Advances in the understanding of the pathophysiologic factors of acute pancreatitis, combined with several recent technologic breakthroughs, have led to the establishment of infected pancreatic necrosis as the most common, the most severe and the most lethal of the infectious complications of acute pancreatitis. In this report, a single institutional experience in the surgical management of infected pancreatic necrosis during a 15 year period is chronicled. Using open drainage with scheduled abdominal re-explorations, the overall mortality rate was 15 percent in 71 consecutive patients with infected pancreatic necrosis. In the most recent 25 instances, sequential re-explorations were performed until retroperitoneal granulation occurred, at which time the abdomen was closed over lesser sac lavage catheters. Compared with the original 46 patients permitted to heal entirely by secondary intention, patients undergoing delayed secondary closure and lavage had a significant decrease during the hospitalization period (48.8 versus 30.1 days; p < 0.05), without a significant change in the mortality rate.
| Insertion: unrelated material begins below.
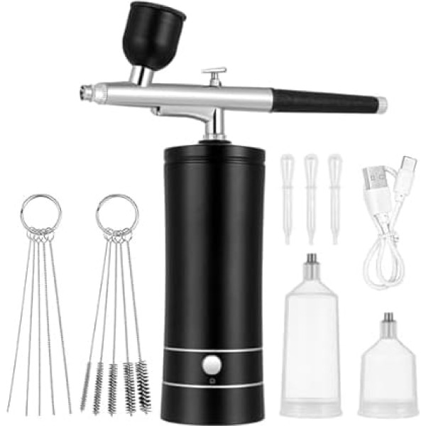 Airbrush make-up: wireless design: this wireless airbrush set is designed for easy mobility and use, so you can work anywhere without annoying cables. Nail airbrush machine: the airbrush is not only practical, but also stylish. Airbrush compressor: our wireless airbrush set is designed to make your painting and nail art projects easier and more efficient. Airbrush: complete accessories: this airbrush set comes with rich accessories, including cleaning brushes, charging cables and more, so you can start using quickly. Airbrush: multifunctional: this airbrush set is versatile and can be used for a variety of applications, including nail art, model painting, spray painting and make-up application. › See more product details; Product description Package includes: 1 x air brush set, 2 x nozzle core, 3 x droppers, 1 cup (10 ml), 1 x plastic cup (25 ml), 1 x plastic cup (40 ml), 1 x cleaning brush set, 1 x needle set, 1 x charging line, 1 x English manual, 1 x box Features Power: 6W Nail Airbrush Complete accessories: This airbrush kit comes with extensive accessories, including cleaning brushes, charging cables and more, so you can use it quickly. Battery capacity: 900mA airbrush painting kit. Input voltage: 5V/1A airbrush compressor. Size: 14.50 x 2.80 x 1.00cm/5.70 x 1.10 x 0 Nail Airbrush Machine Atomization current: approx. 0 x Nail Airbrush Size: 12.00 x 4.20 x 4.20 cm / 4.72 x 1.65 x 1 wireless airbrush. Colour: black airbrush. Material: Airbrush paint set made of aluminium alloy. Electric Airbrush: This electric airbrush is efficient and effortless, allowing you to finish your projects quickly and with satisfying airbrush makeup results. Wireless design: this wireless airbrush kit is designed for easy mobility and use, so you can work anywhere without the hassle of cable airbrush kit. Product information: Airbrush paint set. The airbrush is not only practical, but also stylish. Airbrush The set comes with all necessary accessories such as cleaning brush and charging cable so you can use it directly. Air brush for nails: our wireless airbrush set is designed to make your painting and nail art projects easier and more efficient; Product description Package includes: 1 x air brush set, 2 x nozzle core, 3 x droppers, 1 cup (10 ml), 1 x plastic cup (25 ml), 1 x plastic cup (40 ml), 1 x cleaning brush set, 1 x needle set, 1 x charging line, 1 x English manual, 1 x box Features Power: 6W Nail Airbrush Complete accessories: This airbrush kit comes with extensive accessories, including cleaning brushes, charging cables and more, so you can use it quickly. Battery capacity: 900mA airbrush painting kit. Input voltage: 5V/1A airbrush compressor. Size: 14.50 x 2.80 x 1.00cm/5.70 x 1.10 x 0 Nail Airbrush Machine Atomization current: approx. 0 x Nail Airbrush Size: 12.00 x 4.20 x 4.20 cm / 4.72 x 1.65 x 1 wireless airbrush. Colour: black airbrush. Material: Airbrush paint set made of aluminium alloy. Electric Airbrush: This electric airbrush is efficient and effortless, allowing you to finish your projects quickly and with satisfying airbrush makeup results. Wireless design: this wireless airbrush kit is designed for easy mobility and use, so you can work anywhere without the hassle of cable airbrush kit. Product information: Airbrush paint set. The airbrush is not only practical, but also stylish. Airbrush The set comes with all necessary accessories such as cleaning brush and charging cable so you can use it directly. Air brush for nails: our wireless airbrush set is designed to make your painting and nail art projects easier and more efficient; Package includes: 1 x air brush set, 2 x nozzle core, 3 x droppers, 1 cup (10 ml), 1 x plastic cup (25 ml), 1 x plastic cup (40 ml), 1 x cleaning brush set, 1 x needle set, 1 x charging line, 1 x English manual, 1 x box Features Power: 6W Nail Airbrush Complete accessories: This airbrush kit comes with extensive accessories, including cleaning brushes, charging cables and more, so you can use it quickly. Battery capacity: 900mA airbrush painting kit. Input voltage: 5V/1A airbrush compressor. Size: 14.50 x 2.80 x 1.00cm/5.70 x 1.10 x 0 Nail Airbrush Machine Atomization current: approx. 0 x Nail Airbrush Size: 12.00 x 4.20 x 4.20 cm / 4.72 x 1.65 x 1 wireless airbrush. Colour: black airbrush. Material: Airbrush paint set made of aluminium alloy. Electric Airbrush: This electric airbrush is efficient and effortless, allowing you to finish your projects quickly and with satisfying airbrush makeup results. Wireless design: this wireless airbrush kit is designed for easy mobility and use, so you can work anywhere without the hassle of cable airbrush kit. Product information: Airbrush paint set. The airbrush is not only practical, but also stylish. Airbrush The set comes with all necessary accessories such as cleaning brush and charging cable so you can use it directly. Air brush for nails: our wireless airbrush set is designed to make your painting and nail art projects easier and more efficient

In the most recent patients, dynamic pancreatography and fine needle aspiration bacteriologic factors were accurate in the preoperative prediction of pancreatic necrosis and microbial infection in 95 and 97 percent of the patients, respectively. Preoperative endoscopic retrograde cholangiopancreatography demonstrated leakage of contrast material from necrotic pancreatic ducts in seven of eight patients, while postoperative pancreatograms revealed abrupt truncation or other abnormalities in 11 of 13 patients. These observations establish that necrotizing pancreatitis involves pancreatic parenchyma as well as peripancreatic adipose tissue. Open drainage with contingent secondary closure and high volume lavage deserves a place in the management of patients with extensive infected pancreatic necrosis.

摘要

对急性胰腺炎病理生理因素认识的进展,再加上近期的几项技术突破,使得感染性胰腺坏死成为急性胰腺炎最常见、最严重且最致命的感染并发症。在本报告中,记录了一家机构在15年期间对感染性胰腺坏死进行外科治疗的经验。采用开放引流并定期进行腹部再次探查,71例连续的感染性胰腺坏死患者的总死亡率为15%。在最近的25例中,进行了序贯再次探查,直到腹膜后形成肉芽组织,此时通过较小网膜囊冲洗导管封闭腹部。与最初46例完全通过二期愈合的患者相比,接受延迟二期缝合和冲洗的患者住院时间显著缩短(48.8天对30.1天;p<0.05),死亡率无显著变化。在最近的患者中,动态胰腺造影和细针穿刺细菌学因素分别在95%和97%的患者中对胰腺坏死和微生物感染的术前预测准确。术前内镜逆行胰胆管造影显示8例患者中有7例坏死胰管有造影剂渗漏,而术后胰腺造影显示13例患者中有11例出现突然截断或其他异常。这些观察结果表明,坏死性胰腺炎累及胰腺实质以及胰腺周围脂肪组织。开放引流并适时二期缝合和大量冲洗在广泛感染性胰腺坏死患者的治疗中值得占有一席之地。